Abstract Smart water injection or low-salinity water flooding is an enhanced oil recovery technique for fractured reservoirs. The mechanism of low-salinity water flooding is performed by altering the wettability of rock towards water-wetness. This study presents an evaluation of low-salinity water flooding based on a brown field fractured reservoir properties by using explicit simulation of spontaneous imbibition at a fine scale (single and multiple matrix block level), and assessing the validity of dual-medium simulation models, which will be further used to perform modelling at the full field scale. Some reservoir parameters were varied within plausible range to quantify their impact on the recovery mechanism. To mitigate the biases of dual-medium models, upscaling and pseudoisation techniques were applied to match the behaviour of explicit fine-scale single-porosity model. A particular emphasis on the modelling of salt diffusion is made through one-dimension model.
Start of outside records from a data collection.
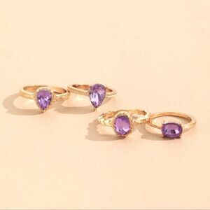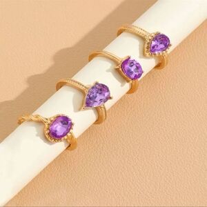 NEW Set of 4 Purple Stone In Rose Gold Tone Rings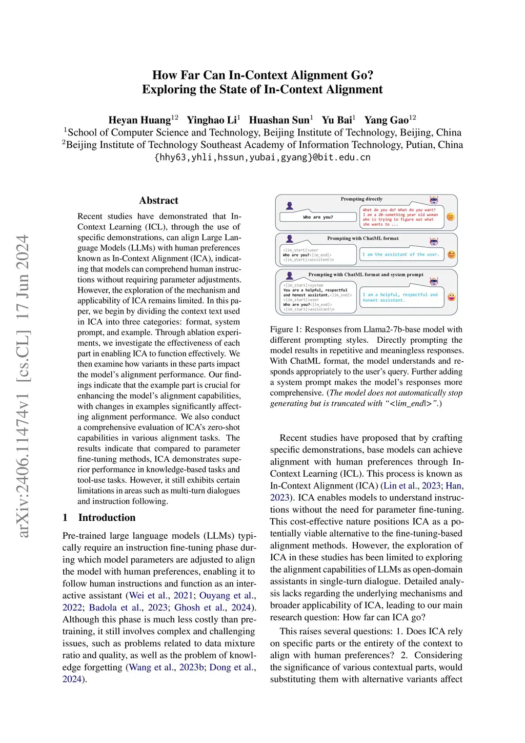 Recent studies have demonstrated that In-Context Learning (ICL), through the use of specific demonstrations, can align Large Language Models (LLMs) with human preferences known as In-Context Alignment (ICA), indicating that models can comprehend human instructions without requiring parameter adjustments. However, the exploration of the mechanism and applicability of ICA remains limited. In this paper, we begin by dividing the context text used in ICA into three categories: format, system prompt, and example. Through ablation experiments, we investigate the effectiveness of each part in enabling ICA to function effectively. We then examine how variants in these parts impact the model's alignment performance. Our findings indicate that the example part is crucial for enhancing the model's alignment capabilities, with changes in examples significantly affecting alignment performance. We also conduct a comprehensive evaluation of ICA's zero-shot capabilities in various alignment tasks. The results indicate that compared to parameter fine-tuning methods, ICA demonstrates superior performance in knowledge-based tasks and tool-use tasks. However, it still exhibits certain limitations in areas such as multi-turn dialogues and instruction following.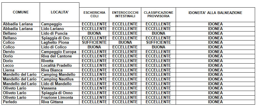 LECCO – Pubblicati venerdì i nuovi dati elaborati dall’ASL sulla balneabilità del lago nelle principali località della provincia.
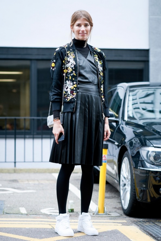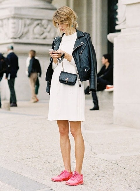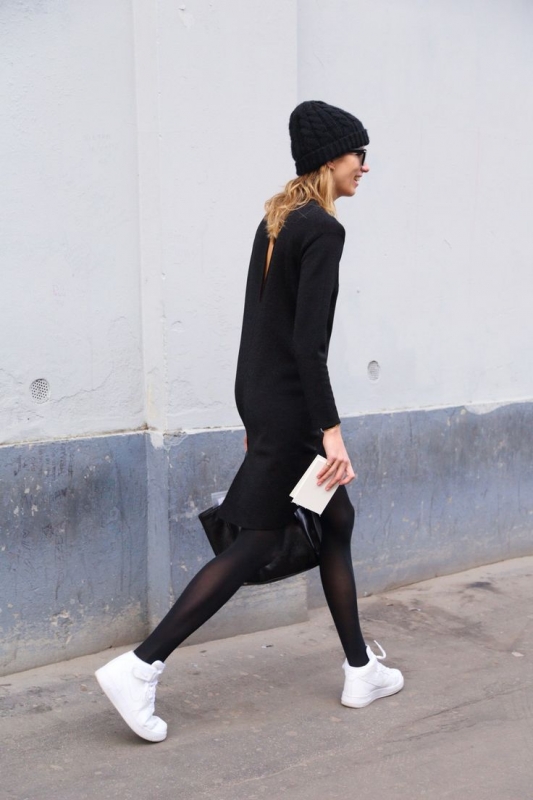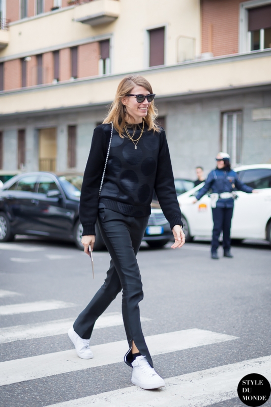 Mixer tennis blanches et total look noir, afin de décliner en mode sportswear le très chic duo noir et blanc (voir ici et là). Arborer régulièrement des cheveux à peine coiffés, de manière à apaiser les looks les plus féminins.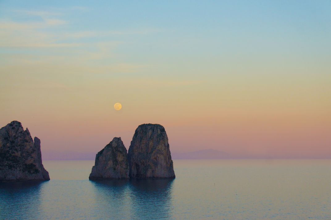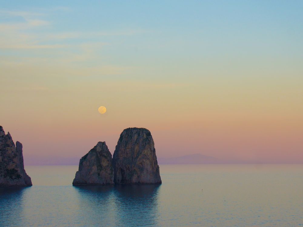 On a cross-Europe traveling extravaganza, my sister and I found ourselves on the Island of Capri off the coast of Italy at the start of May. For our first night, we had dinner outside at our hotel, which had a perfect view of the Lover's Arch. Coincidentally, it was also a full moon and a wonderful sunset for our first night in the new place. With the perfect setting we cheers'd and had dinner.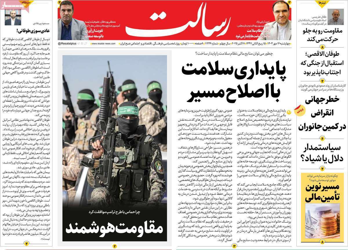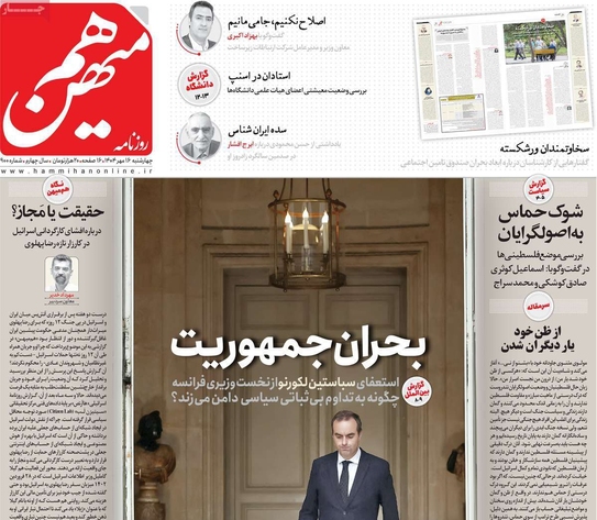 صفحات‌نخست‌روزنامه ها‌ی چهارشنبه‌۱۶ مهرماه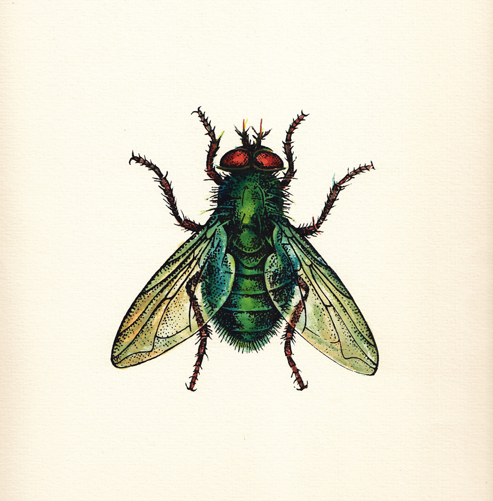 Renate Wendt-Schiller "Kaisergoldfliege" · 1988 · signiert · kolorierter Siebdruck · Bildmass ca 26 x 26 · Blattmass ca 36,5 x 32,5 · 75,- €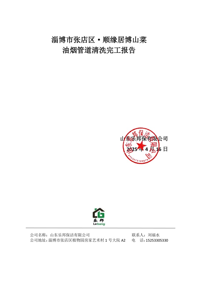 淄博市·淄博天齊元商務酒店清洗報告25.3.17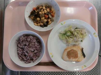 黒米ごはん、牛乳、魚の西京焼き、野菜のゆかりかけ、五目豆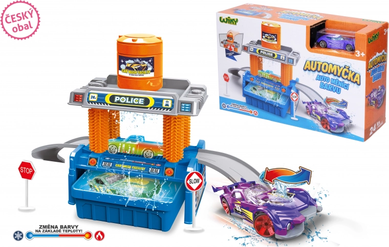 Set ludique pour petits conducteurs : station de lavage auto de 35 cm avec une petite voiture qui change de couleur selon la température. Il suffit d’utiliser de l’eau froide ou tiède/chaude et d’observer la transformation magique. La station possède un réservoir souple pour un dosage facile et la petite voiture a des roues libres pour une conduite fluide. Un jouet idéal pour stimuler l’imagination et les sens.
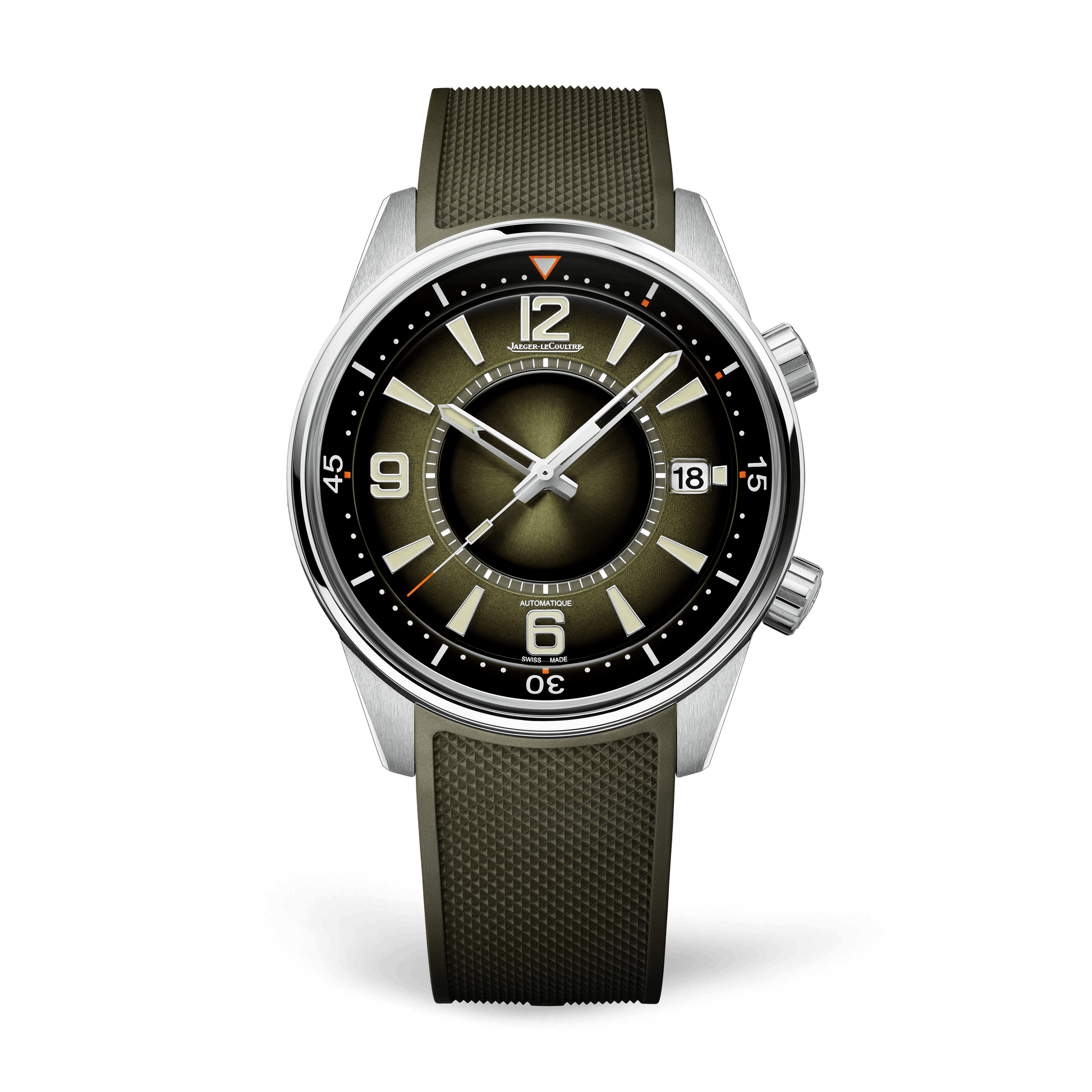 For the first time, the lacquered face of the Polaris Date watch sports a green that is as deep as it is subtle. Depending on the play of light, the color evolves and transforms from a contrasting dark green to a soft, luminous hue. With its innovative décor, the Super-LumiNova® hour markers and numerals stand out in all their brilliance alongside the skeletonized hands with luminescent tips. Paying homage to the first Memovox Polaris, the vanilla tone of their finish further enhances their striking visual appeal. The sharp lined, 42-mm stainless steel case boasts a double-polished satin finish and is complemented by an easily interchangeable green rubber strap with a Clous de Paris motif. The sapphire crystal case back reveals the finishes of the new generation Jaeger-LeCoultre Calibre 899. Designed, produced and assembled under the same roof, this Manufacture movement offers a 70-hour power reserve, a highly practical feature for a sports watch.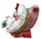 Add a touch of vintage charm to your holiday decor with the House of Hatten 1989 Santa with cardinal ornament. Featuring a whimsical Santa face with a adorable red cardinal on his shoulder, this piece is a wonderful nod to Christmases past. The hand-painted papier mache and resin construction ensures a unique and enduring holiday classic. Crafted in the Philippines during the 90's, this ornament is a testament to the era's craftsmanship. Its matte finish and all-over multicolor design bring a warm, inviting feel to any Christmas tree. Whether you're adding to your collection or seeking that special holiday accent, this retired House of Hatten treasure is perfect for both. Previously owned. In good vintage condition. Some little paint flakes. Please see photos as they are part of the description. Measures 4.5 x 3.25" x 4"

It was found that, whereas pressure diffusion is rather well represented by the usual matrix-fracture exchange coefficient formalism, the underlying assumption of pseudo-steady state seems to be inappropriate for salt diffusion phenomenon. When salt diffusion is the main driver for low salinity water imbibition, for example at the early times of a switch from high salinity to low salinity, it appears that the salt diffusion process occurs in a transient regime that cannot be properly represented by the pseudo-steady state regime assumption. This has an impact on the modelled incremental recovery and consequently on the low salinity flooding efficiency evaluation.
- North America > United States > Texas (0.54)
- Europe > United Kingdom > North Sea (0.34)
- Energy > Oil & Gas > Upstream (1.00)
- Water & Waste Management > Water Management > Lifecycle > Disposal/Injection (0.61)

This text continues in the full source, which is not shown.